I should have run out of my sanctuary, the Coffee Messiah temple, after a woman came in and asked the barista, “Did you watch the Oscars last night?” I didn’t look up from the swirls of cocoa brown in my latte foam at that point, or I would have seen the transformation, the transfiguration, the corruption of the resurrection in this haven of clutter and homemade pastries.

But I didn’t look up. And then, through the haze of my preoccupations, the clutter organized itself and the dissonance settled into the creature comforts of American suburbia. Seeking to prolong the denial, I didn’t look up at first as my ears registered the “click, click, click” of fingers on a laptop keyboard and the hollow jingle of a cell phone demanding attention from a leather briefcase. Slowly raising my eyes the situation began to register like a scene from Father Knows Best meets The Cabinet of Dr. Caligari.

 

All the chairs and tables matched and were placed in market-tested symmetry. Two racks held neat stacks of acceptable reading material and cloned baristas wore Miss America smiles over branded, green aprons that beckoned you to buy the coffee beans, buy the coffee mugs, buy the seamless jazz CDs. A man with a Ralph Lauren shirt, Rolex watch, Nike Shoes and Abercrombie and Fitch hat sipped his formula-brewed double-tall while perusing the sports page of the Seattle Times. It was June Cleaver’s living room reflected back to me as in a carnival funhouse room of mirrors. A closed loop, like the passing background of a Flintstones cartoon, the same table and chairs and lamp and people named Gap and Tommy Hilfiger seen from this angle and that angle and in the corner and in the opposite corner.

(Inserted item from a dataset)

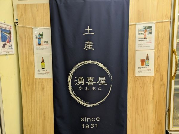 「湧喜屋かわもと」は、1931年創業の老舗酒店!94年の歴史を刻んでいます。「クラフトビールを川床やベンチで是非味わってみてください。」と3代目店主の河本さん。

Suddenly it hit me. I was no longer sitting in my favorite coffee shop, but in the newest carbon-copy Starbucks.u

Caught in the tide before I realized it was engulfing me, lulled by the warm sun and soft sand. Spitting out the coffee that suddenly numbed my tongue with bitterness and burned fragments of dreams and sincerity, I shoved the table back and yelled, “I don’t give a damn who won best actor or which actress wore the most outrageous outfit and I’m not a subversive!”

But the baristas continued to smile, Karen Carpenter remained dead, and the afternoon sun still cast squares of light on the expanse of carpet that extended before me to the horizon, flat and featureless, sterile and lifeless.u

Eds note: Don’t worry, the Coffee Messiah is still in business. The above was just a bad dream of the author.